(DIRECTIONS)
Copy every entry verbatim and skip the pictures.
---
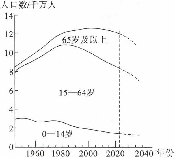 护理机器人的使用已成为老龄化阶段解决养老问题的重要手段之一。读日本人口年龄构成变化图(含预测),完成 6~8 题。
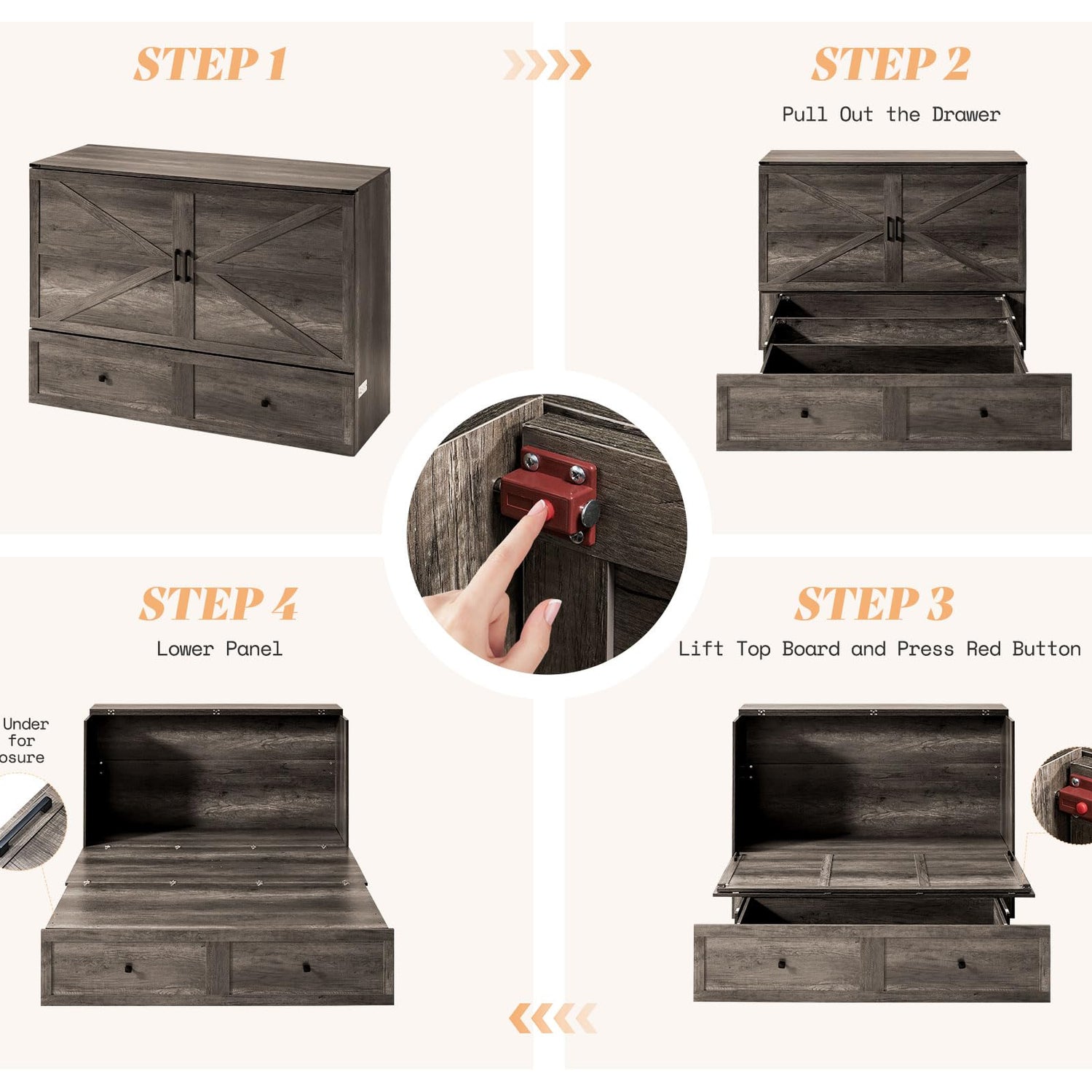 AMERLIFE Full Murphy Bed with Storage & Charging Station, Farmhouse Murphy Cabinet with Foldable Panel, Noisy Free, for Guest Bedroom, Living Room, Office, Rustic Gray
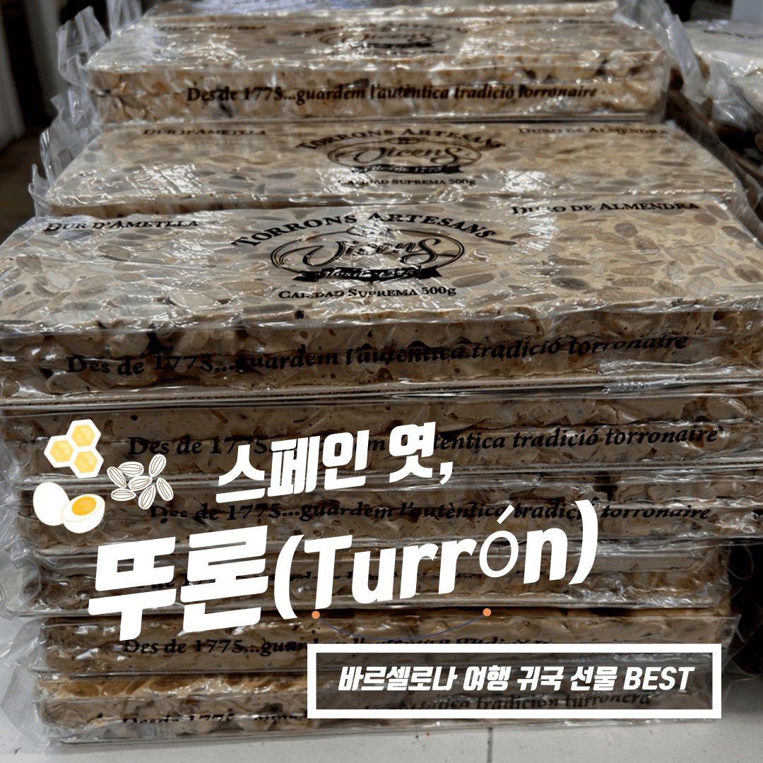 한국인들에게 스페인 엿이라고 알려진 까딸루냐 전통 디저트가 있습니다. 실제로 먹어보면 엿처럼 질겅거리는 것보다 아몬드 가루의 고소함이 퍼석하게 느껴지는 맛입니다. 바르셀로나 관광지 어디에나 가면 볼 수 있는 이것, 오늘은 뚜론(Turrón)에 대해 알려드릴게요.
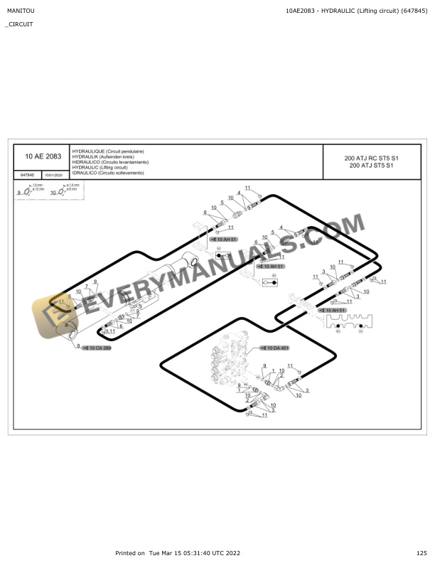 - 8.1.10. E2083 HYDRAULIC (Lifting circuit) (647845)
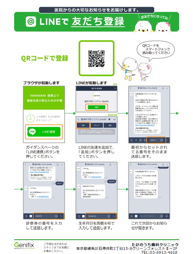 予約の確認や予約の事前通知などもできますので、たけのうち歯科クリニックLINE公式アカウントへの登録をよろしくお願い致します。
---
(RESPONSE FOR THIS EXERCISE)
 护理机器人的使用已成为老龄化阶段解决养老问题的重要手段之一。读日本人口年龄构成变化图(含预测),完成 6~8 题。
 AMERLIFE Full Murphy Bed with Storage & Charging Station, Farmhouse Murphy Cabinet with Foldable Panel, Noisy Free, for Guest Bedroom, Living Room, Office, Rustic Gray
 한국인들에게 스페인 엿이라고 알려진 까딸루냐 전통 디저트가 있습니다. 실제로 먹어보면 엿처럼 질겅거리는 것보다 아몬드 가루의 고소함이 퍼석하게 느껴지는 맛입니다. 바르셀로나 관광지 어디에나 가면 볼 수 있는 이것, 오늘은 뚜론(Turrón)에 대해 알려드릴게요.
 - 8.1.10. E2083 HYDRAULIC (Lifting circuit) (647845)
 予約の確認や予約の事前通知などもできますので、たけのうち歯科クリニックLINE公式アカウントへの登録をよろしくお願い致します。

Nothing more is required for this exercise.